**Prompt:** Please write out the entire listing below exactly, excluding its pictures.

**Dataset extract:**
- - - - - - -

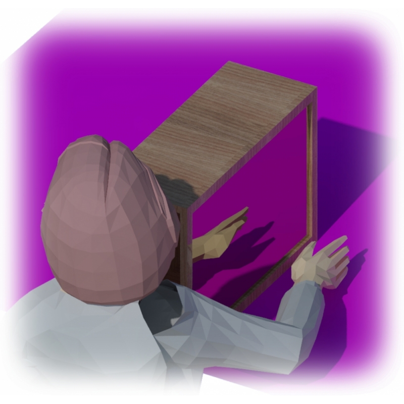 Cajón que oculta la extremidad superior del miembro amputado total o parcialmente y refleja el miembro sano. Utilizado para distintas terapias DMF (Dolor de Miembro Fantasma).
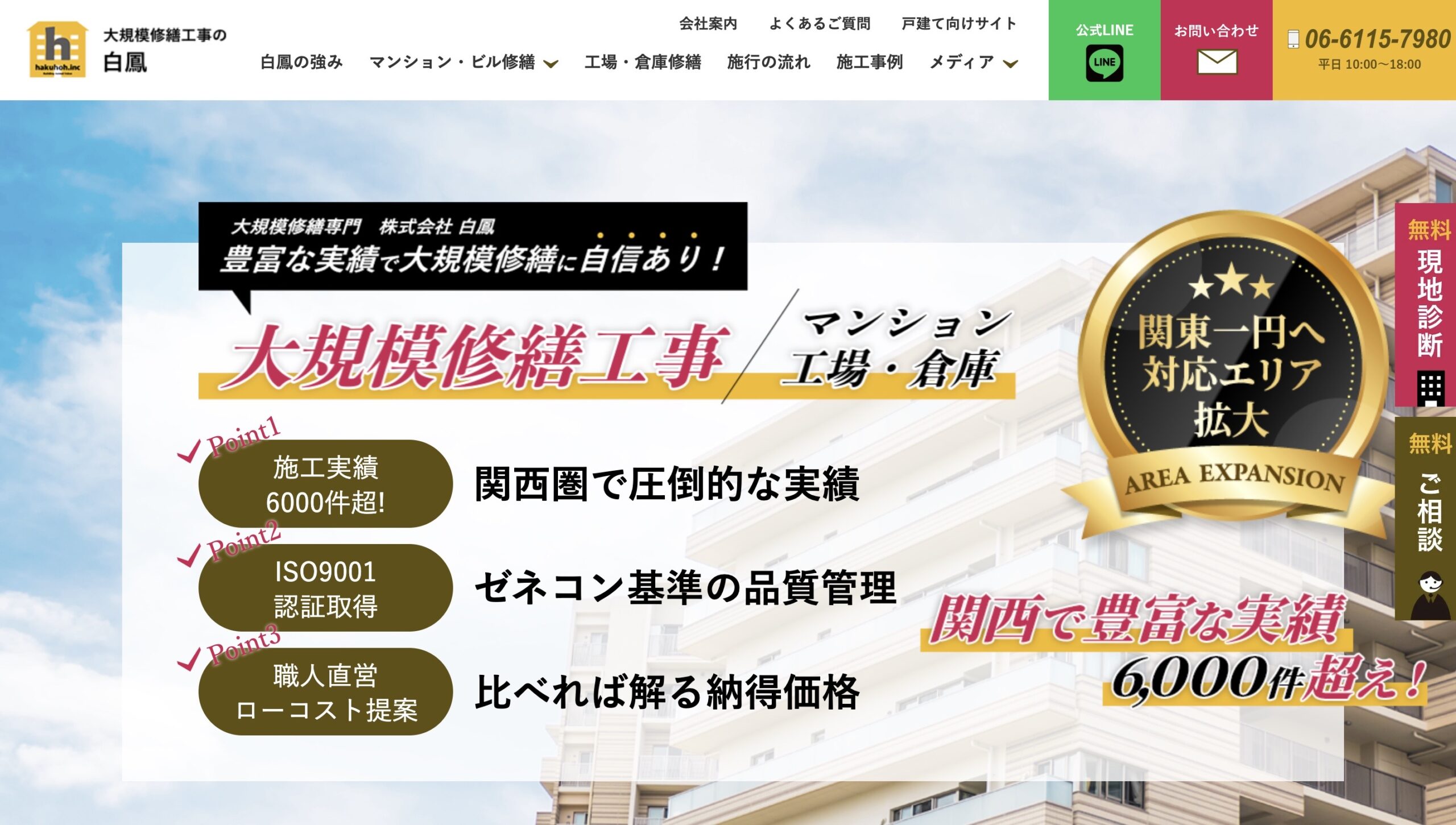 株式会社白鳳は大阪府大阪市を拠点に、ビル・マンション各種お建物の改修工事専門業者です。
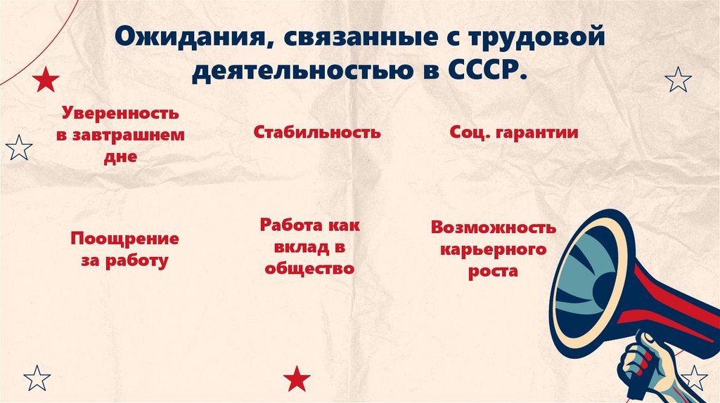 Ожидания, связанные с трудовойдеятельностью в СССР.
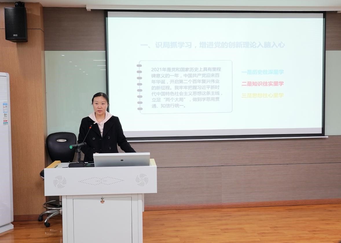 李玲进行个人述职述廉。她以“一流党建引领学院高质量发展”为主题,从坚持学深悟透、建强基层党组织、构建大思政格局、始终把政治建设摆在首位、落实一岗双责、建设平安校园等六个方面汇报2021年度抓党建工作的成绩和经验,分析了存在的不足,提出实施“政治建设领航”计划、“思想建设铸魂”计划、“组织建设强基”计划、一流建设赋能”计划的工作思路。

- - - - - - -

**Reply:**
 Cajón que oculta la extremidad superior del miembro amputado total o parcialmente y refleja el miembro sano. Utilizado para distintas terapias DMF (Dolor de Miembro Fantasma).
 株式会社白鳳は大阪府大阪市を拠点に、ビル・マンション各種お建物の改修工事専門業者です。
 Ожидания, связанные с трудовойдеятельностью в СССР.
 李玲进行个人述职述廉。她以“一流党建引领学院高质量发展”为主题,从坚持学深悟透、建强基层党组织、构建大思政格局、始终把政治建设摆在首位、落实一岗双责、建设平安校园等六个方面汇报2021年度抓党建工作的成绩和经验,分析了存在的不足,提出实施“政治建设领航”计划、“思想建设铸魂”计划、“组织建设强基”计划、一流建设赋能”计划的工作思路。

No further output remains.